While I was preparing to answer a colleague’s question about how to use Inceptions in specific cases, it made me review and distill my thoughts on Inceptions, as well as delivery, for that matter. I used to be an Inception militant - and even created an open-sourced reference to inceptions here. I still appreciate its tools, but will suggest an alternative way to get the same information, with less structure that Inceptions usually have.

The purpose of inceptions

Inceptions serve two purposes, in my opinion.

Firstly, it’s a tool to allow us, consultants or facilitators, to understand whatever we deem important about the delivery assignment we either committed to or are about to commit to as part of the inception deliverables. This is problematic, as the client is indulging us, and may have done so in the past with other consultants or initiatives, and may be in a state of fatigue and cynicism towards us.

Secondly, it supposedly serves the entire group, us and them, to analyze the state of the business needs as well as the process and technology that support it, current and future. This too is problematic, since we usually do not find ourselves in agile or digital transformation engagements. This implies that the people we collaborate with will not have the answers, nor often-times the interest, in anything out of their immediate scope. Their day-to-day life is to produce software to spec in a chain of hand-offs the depth of which they sometimes are not aware of. It follows, that they lose interest quite quickly as we explore a wider context beyond their immediate deliverables, for which we were brought in to help with.

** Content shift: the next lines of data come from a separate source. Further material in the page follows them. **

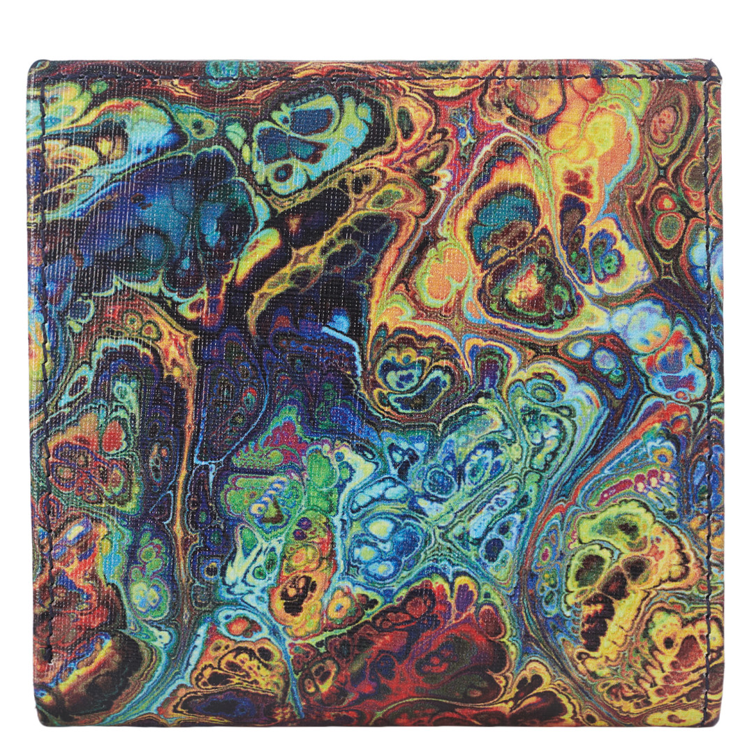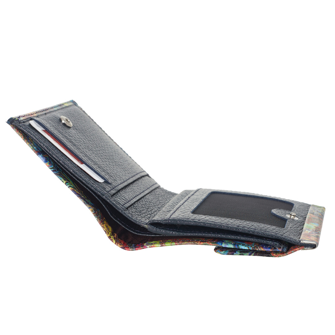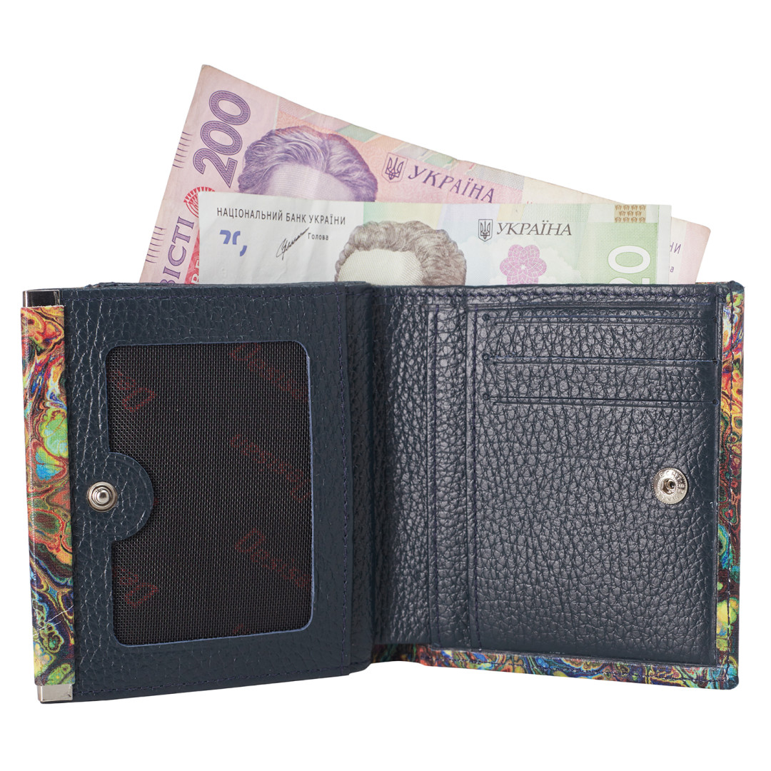 Особенности: закрывается на кнопку, имеет два отделения для купюр, прозрачный карман для фото и пять слотов для карт. На лицевой стороне отсек для монет на кнопке.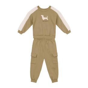 Conjunto infantil menino que une estilo e conforto. O blusão é confeccionado em moletom, com detalhes em pelo carneirinho nas mangas e no peito, garantindo um toque especial. A calça jogger, também em moletom, possui modelagem moderna, bolsos laterais e cós elástico para maior praticidade. Ideal para os primeiros passos, este conjunto é perfeito para as aventuras diárias dos pequenos. Invista na moda infantil de qualidade!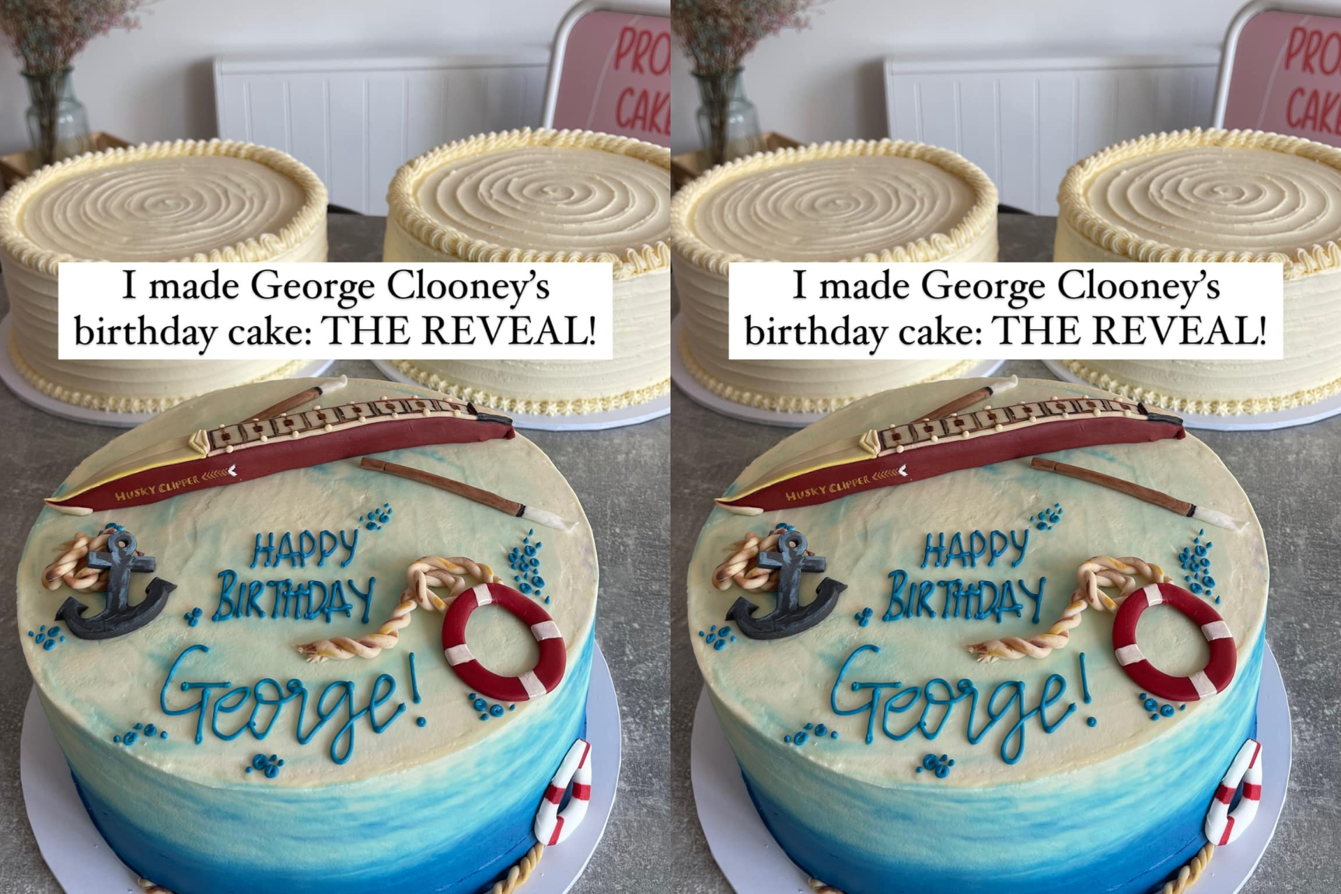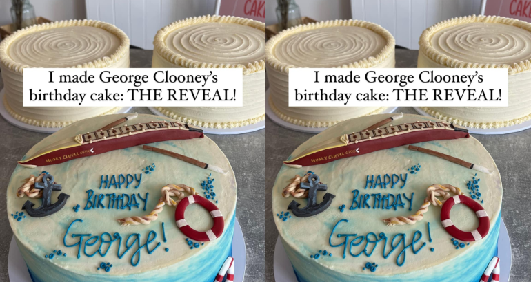 Jedini zahtjev za dekoraciju je bio da sadrži natpis: „Sretan rođendan, George“ i da bude na temu vode i vožnje čamcem, kako bi to bila poveznica s filmom „The boys in the boat“, čiji je režiser upravo Clooney, iako to u tom trenutnku nije znala.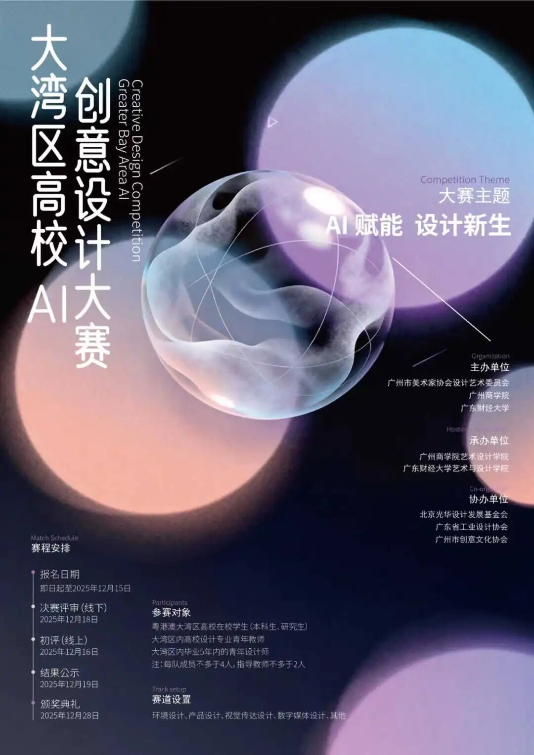 2025年大湾区AI创意设计大赛由广州市美术家协会设计艺术委员会、广州商学院、广东财经大学主办,广州商学院艺术设计学院、广东财经大学艺术与设计学院承办,北京光华设计发展基金会、广东省工业设计协会、广州市创意文化协会联合协办。大赛立足粤港澳大湾区发展战略,汇聚湾区设计智慧,聚焦人工智能技术在设计领域中的创新应用,致力于搭建产学研用深度融合的交流平台,推动设计成果转化,服务大湾区经济高质量发展。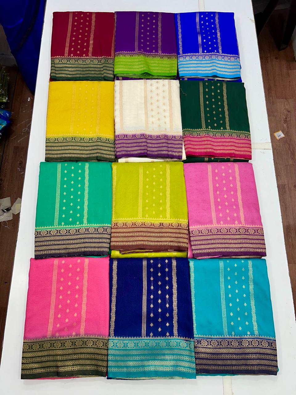 Product Description: Georgette Body Lines Butta Rich Pallu Saree Contrast Border And Contrast Butta Blouse With Border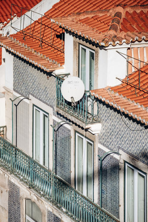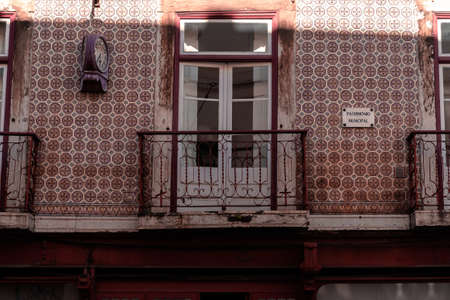 typical historic vintage house facade with windows and balcony in an old tile facade with geometric pattern, picturesque architecture at Lisbon, Portugal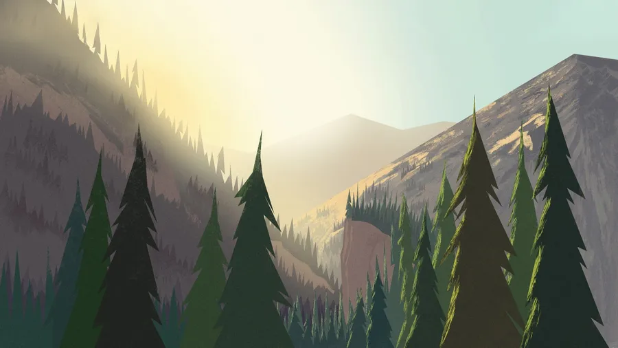 Cartoon Mountain Landscape Wallpaper -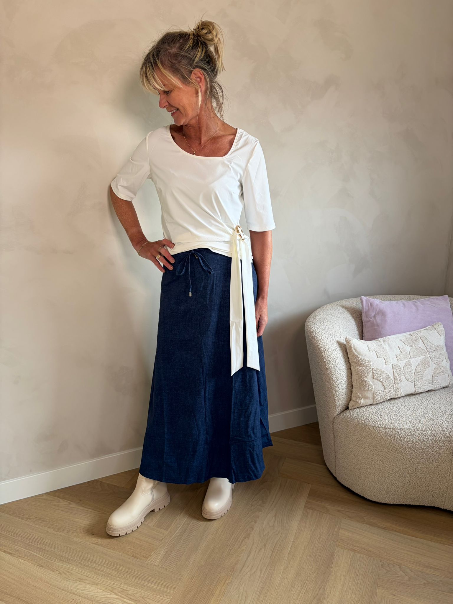 De 202123 rok van Mi Piace is vervaardigd uit kwaliteitsvolle travelstof. De lange rok is voorzien van een elastische tailleband met aanrijgkoordjes en heeft een A-lijn model.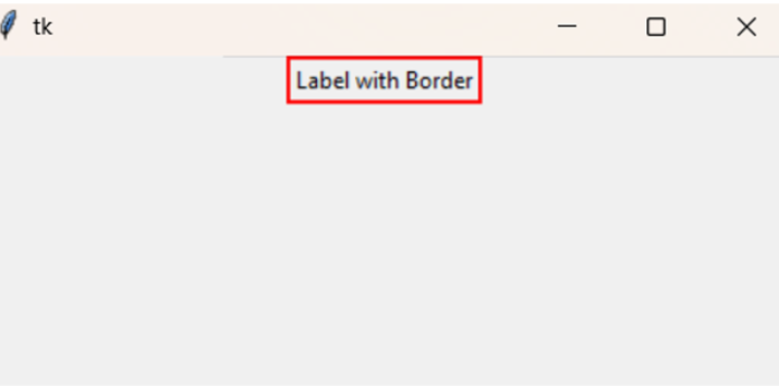 import tkinter as tk root = tk.Tk() label = tk.Label(root, text="Label with Border") label.config(highlightbackground="red", highlightthickness=2) label.pack() root.mainloop()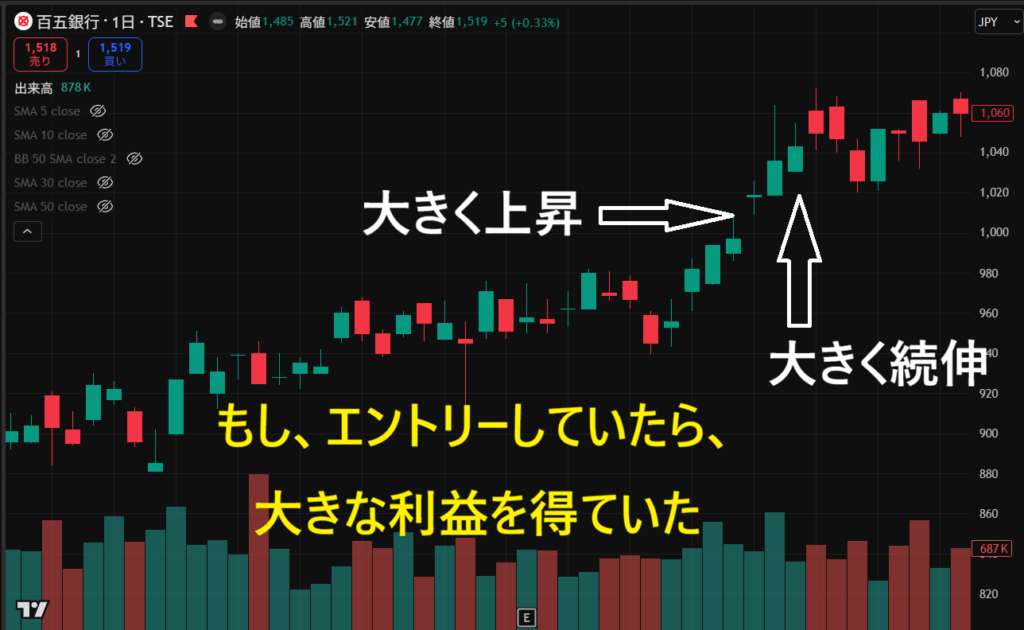 結果論ではあるが、窓開け後だろうと、エントリーしていたら、大きな利益を得ていたのです。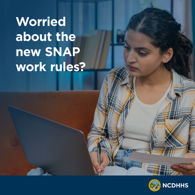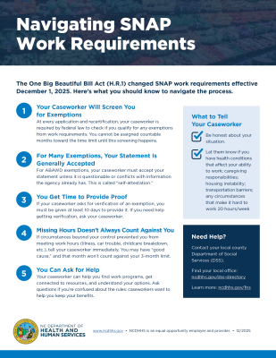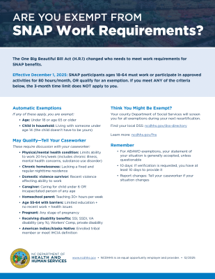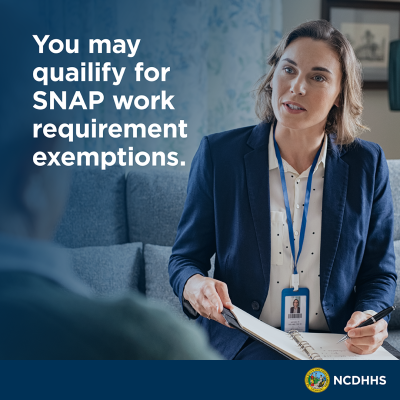 | Caption: Are you worried about new SNAP work requirements? Many people qualify for exemptions. If you are pregnant, have a disability, live with a child under 14, or have health conditions that limit your ability to work, you may be exempt. Your county DSS will screen you for all exemptions. Learn more: ncdhhs.gov/fns. |

We often look for shared understanding as a deliverable of an Inceptions. This is dismissible if we have been brought in to help a certain group within a larger organization. They already have that vision, and in this case, our value lies beyond the scope of an Inception, and can manifest as discussions about ways of working, basically agile-with-a-small-a.

An alternative approach

I have tried to lay the case that Inceptions, as we know them, are not fit to be used in situations that are common in our typical engagements. Certainly, if the engagement is with a startup lacking a delivery plan, Inceptions can be useful to define an eventual MVP, which too needs great care in planning, basically a very faint road-map adept to change.

What is left, if we accept the above-mentioned arguments? Assessing two kinds of risk, and working backwards from both. In my opinion, if we follow this new path, it will lead all those involved in the engagement to what we’d usually expect from an Inception, only without the indulgence, with less structure and more active conversations, rather than guided workshops.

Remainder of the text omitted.